© Peuples Noirs Peuples Africains no 2 (1978), 183-188.



TRIBUNE LIBRE
L'Apartheid et l'hypocrisie de gauche en France

Amidu MAGASA

1978, année Onusienne contre l'apartheid !!!

1978, année internationale contre l'Afrique au milieu de la violence armée des superpuissances (Américaine, Soviétique, Anglaise, Française, Chinoise et Cubaine ... ) par nègres de service interposés au nom de nationalismes mal-avoués.

L'histoire universelle nous enseigne que la conquête d'un pays par un autre pays obéit à une stratégie militaire bien connue des Français, en l'occurrence celle de Galliéni au Soudan Français (Mali) à la fin du XIXe siècle et qui consistait à faire des carrés de nègres au milieu desquels se cachaient des soldats français.

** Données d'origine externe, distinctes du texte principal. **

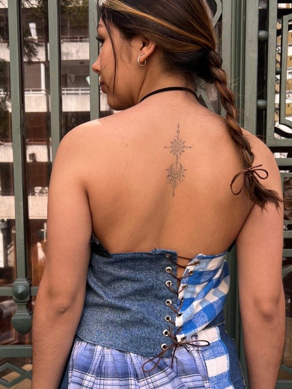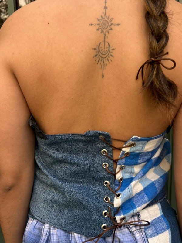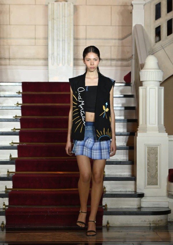 Pieza única diseñada y confeccionada especialmente para el desfile del concurso emergente en Argentina Fashion Week. El top está confeccionado a partir de denim y camisas en técnica de upcycling, con un diseño que combina lo artesanal y lo contemporáneo.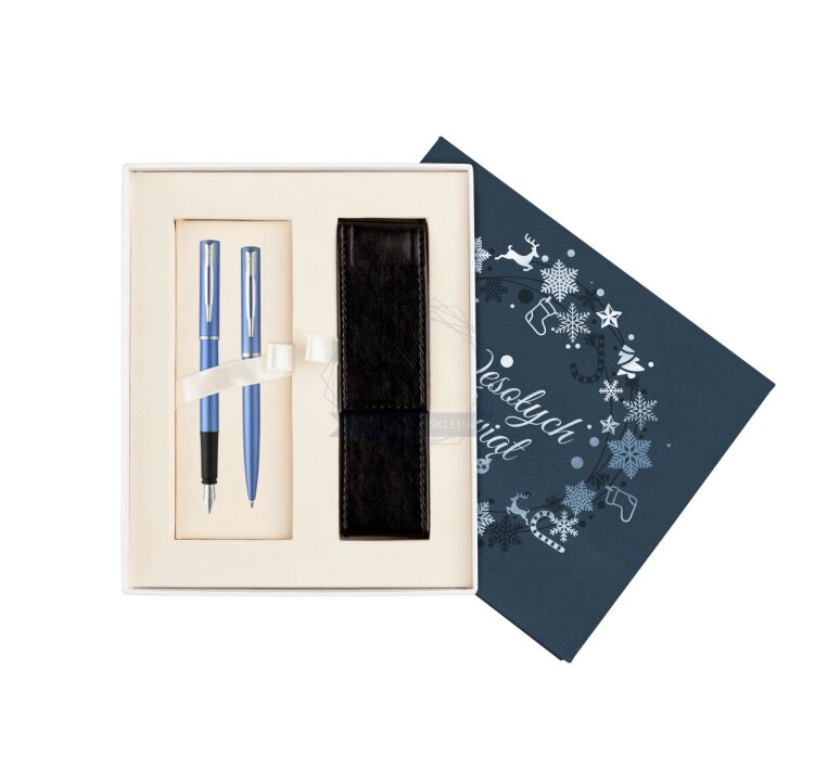 Zestaw prezentowy pióro wieczne + długopis Waterman Allure niebieski CT w pudełku Wesołych Świąt granatowe (2068195_2068191_S0111S)

C'est ce que l'officier français exprime ainsi : « Ce sont de fiers soldats, ces cavaliers indigènes, les premières balles leur sont destinées, mais peu importe, ils n'hésitent jamais »[1]. Puisqu'il ne peut y avoir de conquête militaire sans adhésion idéologico-culturelle (la défaite américaine au Vietnam en est la plus récente illustration), le totalitarisme occidental réussit à sécréter des êtres abstraits, des nègres de service ou nègres-tampons, que sont les intellectuels africains.

En 1978, les Africains continuent à offrir leur tête et leur corps comme chair à canon de la droite ou de la gauche, du capitalisme ou du socialisme; mais jamais pour eux-mêmes, dans aucun des conflits actuels. L'Afrique vivrait-elle sa préhistoire ? Selon les religions monothéistes, athées ou non, il s'agirait là de la malédiction divine des fils de Cham. [PAGE 184]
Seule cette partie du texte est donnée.